*** Block opens ***

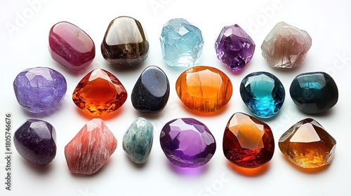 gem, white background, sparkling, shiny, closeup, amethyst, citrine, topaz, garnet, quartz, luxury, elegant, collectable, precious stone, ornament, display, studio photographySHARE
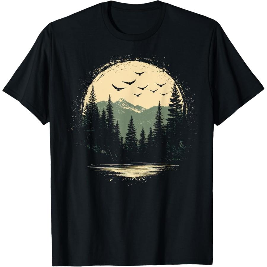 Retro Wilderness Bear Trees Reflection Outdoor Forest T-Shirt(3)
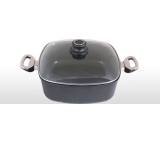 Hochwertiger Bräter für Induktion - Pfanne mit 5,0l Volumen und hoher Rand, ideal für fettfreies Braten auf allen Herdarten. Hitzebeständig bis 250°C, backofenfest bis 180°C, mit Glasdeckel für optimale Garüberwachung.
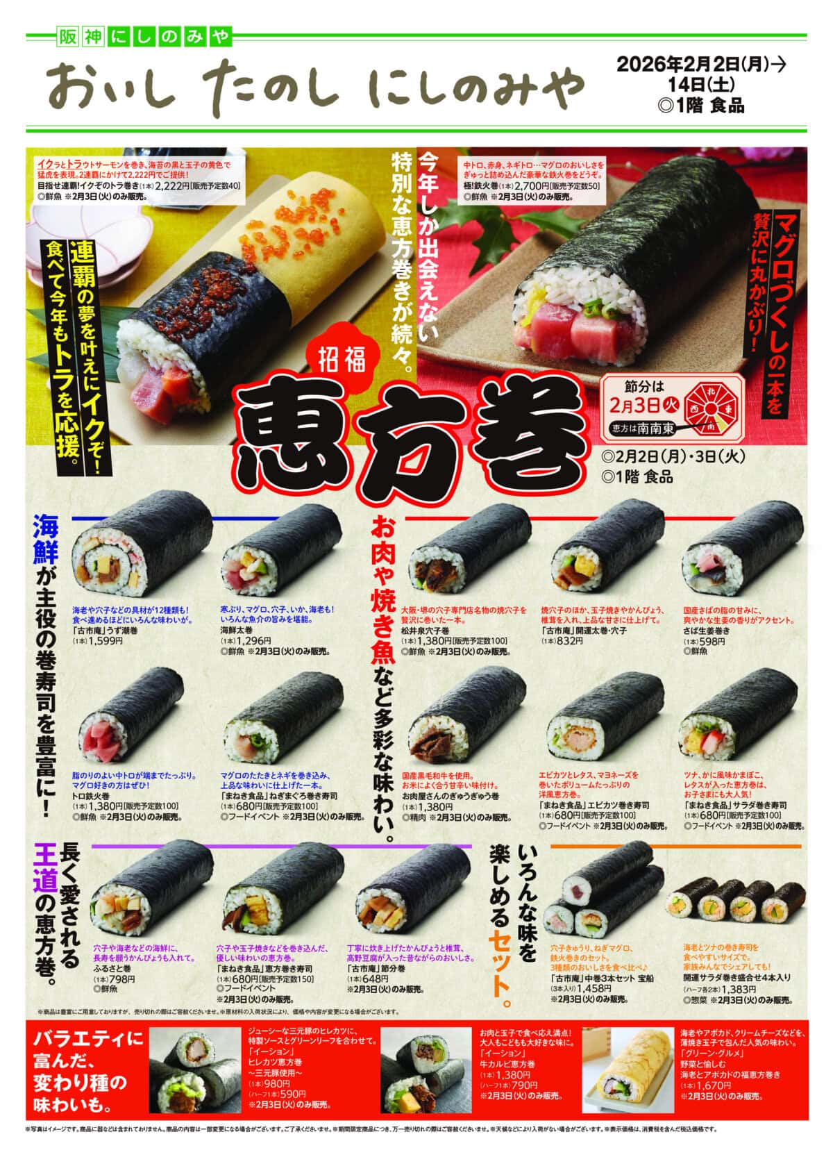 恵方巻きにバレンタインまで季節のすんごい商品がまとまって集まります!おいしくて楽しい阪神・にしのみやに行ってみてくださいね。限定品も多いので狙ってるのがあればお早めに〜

*** Block closes ***
*** Block opens ***

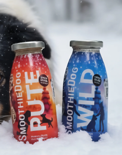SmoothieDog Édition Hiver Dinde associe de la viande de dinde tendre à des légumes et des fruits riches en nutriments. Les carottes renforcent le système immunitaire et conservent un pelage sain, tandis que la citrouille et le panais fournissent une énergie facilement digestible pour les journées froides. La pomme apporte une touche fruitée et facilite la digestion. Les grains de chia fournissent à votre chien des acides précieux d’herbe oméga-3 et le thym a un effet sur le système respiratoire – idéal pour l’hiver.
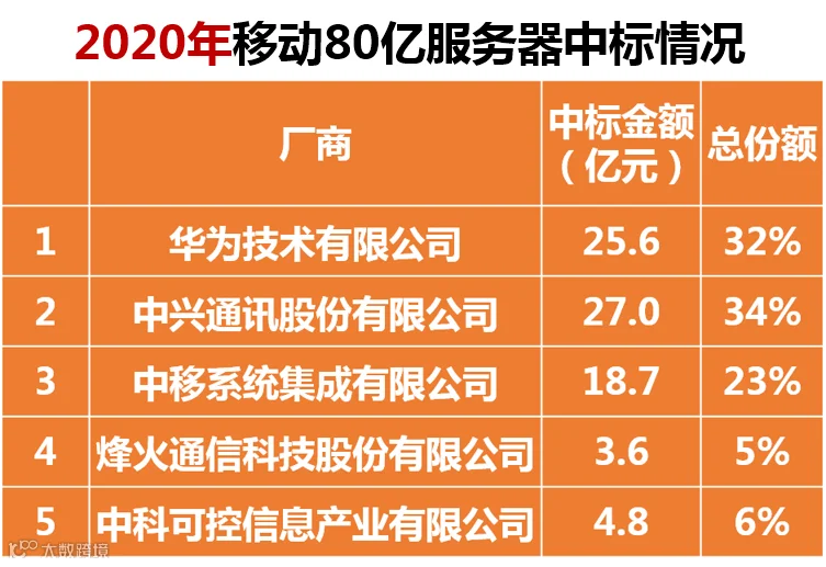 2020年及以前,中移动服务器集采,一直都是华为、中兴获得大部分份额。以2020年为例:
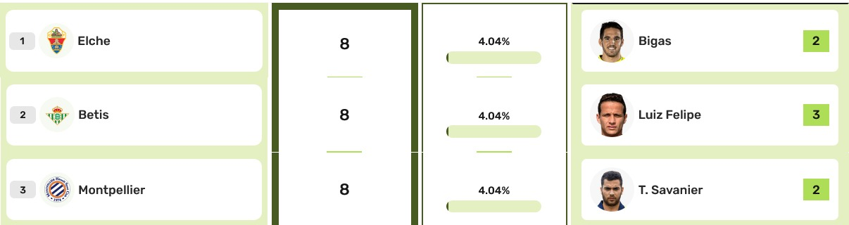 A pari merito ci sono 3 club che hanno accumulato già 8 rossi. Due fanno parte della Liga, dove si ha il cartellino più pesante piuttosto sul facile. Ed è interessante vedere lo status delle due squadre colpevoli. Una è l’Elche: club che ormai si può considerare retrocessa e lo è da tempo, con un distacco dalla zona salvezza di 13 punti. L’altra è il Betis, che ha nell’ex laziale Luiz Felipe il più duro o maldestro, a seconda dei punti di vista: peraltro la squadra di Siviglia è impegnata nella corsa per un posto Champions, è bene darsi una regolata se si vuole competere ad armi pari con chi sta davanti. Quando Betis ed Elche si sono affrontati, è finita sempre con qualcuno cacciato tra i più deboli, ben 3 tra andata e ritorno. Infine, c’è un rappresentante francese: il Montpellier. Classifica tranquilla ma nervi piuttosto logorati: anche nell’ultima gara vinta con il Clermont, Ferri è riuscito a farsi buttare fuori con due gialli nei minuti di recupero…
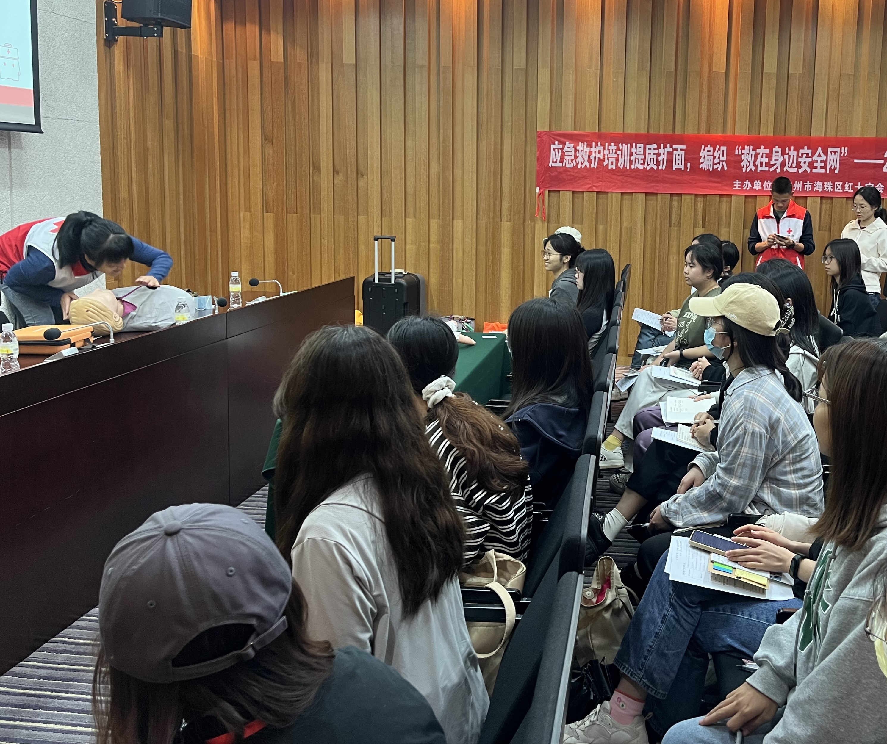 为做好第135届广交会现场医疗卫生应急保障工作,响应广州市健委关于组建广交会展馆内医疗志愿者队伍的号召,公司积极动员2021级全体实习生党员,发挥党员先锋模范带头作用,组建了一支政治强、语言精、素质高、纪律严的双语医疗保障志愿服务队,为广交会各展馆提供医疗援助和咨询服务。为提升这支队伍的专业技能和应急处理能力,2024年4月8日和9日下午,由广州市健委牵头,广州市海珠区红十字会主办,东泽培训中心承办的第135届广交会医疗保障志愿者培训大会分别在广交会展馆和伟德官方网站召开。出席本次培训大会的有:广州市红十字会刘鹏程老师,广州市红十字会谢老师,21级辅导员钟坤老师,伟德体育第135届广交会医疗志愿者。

*** Block closes ***
*** Block opens ***

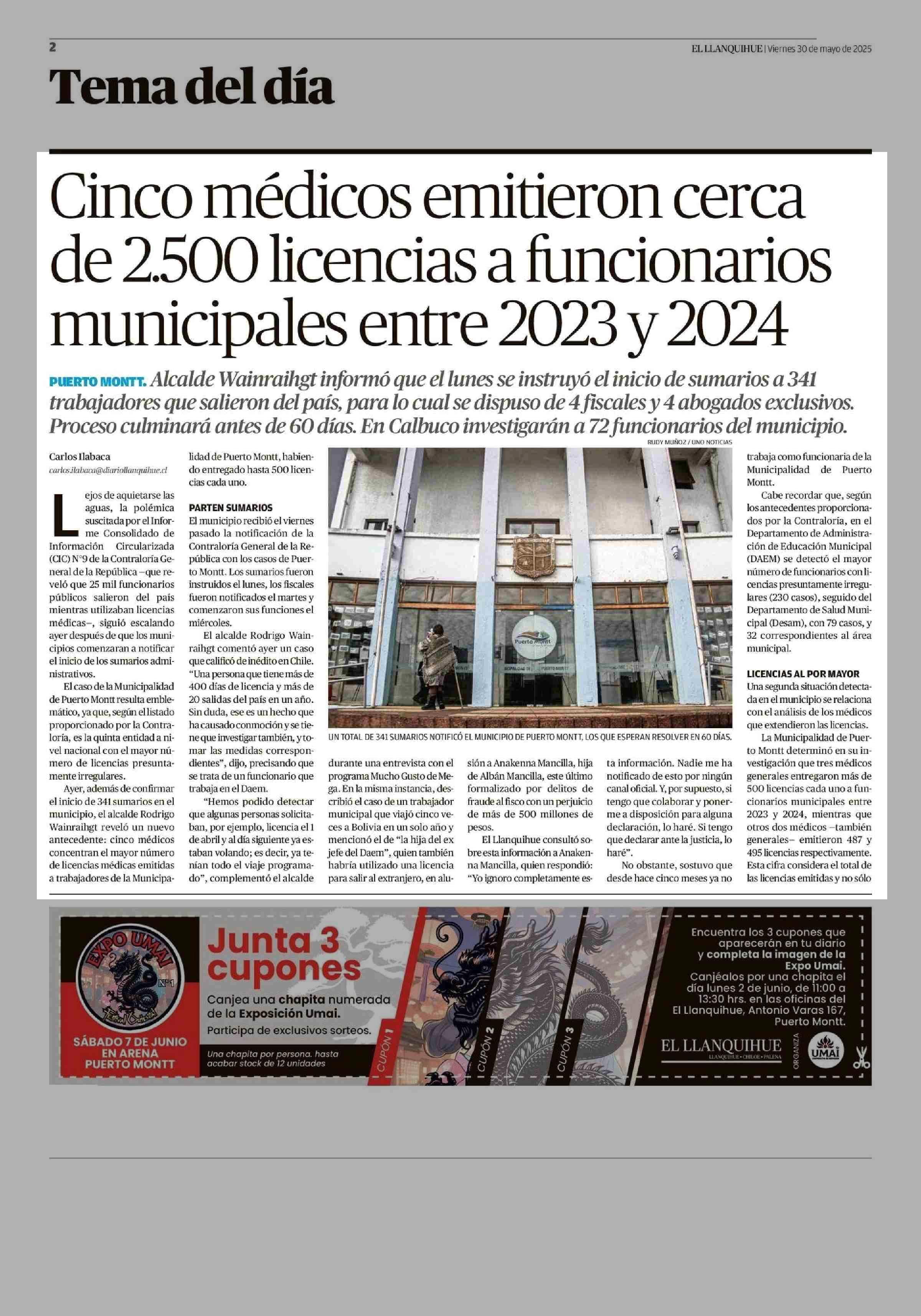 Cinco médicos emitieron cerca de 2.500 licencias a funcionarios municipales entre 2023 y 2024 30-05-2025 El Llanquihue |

*** Block closes ***

▶ PROBLEM: Look above for the line with "2020年及以前,中移动服务" and the line with "为做好第135届广交会现场医". Copy them and every line between, exactly, but no pictures.

▶ OUTPUT FOR THIS EXERCISE:
 2020年及以前,中移动服务器集采,一直都是华为、中兴获得大部分份额。以2020年为例:
 A pari merito ci sono 3 club che hanno accumulato già 8 rossi. Due fanno parte della Liga, dove si ha il cartellino più pesante piuttosto sul facile. Ed è interessante vedere lo status delle due squadre colpevoli. Una è l’Elche: club che ormai si può considerare retrocessa e lo è da tempo, con un distacco dalla zona salvezza di 13 punti. L’altra è il Betis, che ha nell’ex laziale Luiz Felipe il più duro o maldestro, a seconda dei punti di vista: peraltro la squadra di Siviglia è impegnata nella corsa per un posto Champions, è bene darsi una regolata se si vuole competere ad armi pari con chi sta davanti. Quando Betis ed Elche si sono affrontati, è finita sempre con qualcuno cacciato tra i più deboli, ben 3 tra andata e ritorno. Infine, c’è un rappresentante francese: il Montpellier. Classifica tranquilla ma nervi piuttosto logorati: anche nell’ultima gara vinta con il Clermont, Ferri è riuscito a farsi buttare fuori con due gialli nei minuti di recupero…
 为做好第135届广交会现场医疗卫生应急保障工作,响应广州市健委关于组建广交会展馆内医疗志愿者队伍的号召,公司积极动员2021级全体实习生党员,发挥党员先锋模范带头作用,组建了一支政治强、语言精、素质高、纪律严的双语医疗保障志愿服务队,为广交会各展馆提供医疗援助和咨询服务。为提升这支队伍的专业技能和应急处理能力,2024年4月8日和9日下午,由广州市健委牵头,广州市海珠区红十字会主办,东泽培训中心承办的第135届广交会医疗保障志愿者培训大会分别在广交会展馆和伟德官方网站召开。出席本次培训大会的有:广州市红十字会刘鹏程老师,广州市红十字会谢老师,21级辅导员钟坤老师,伟德体育第135届广交会医疗志愿者。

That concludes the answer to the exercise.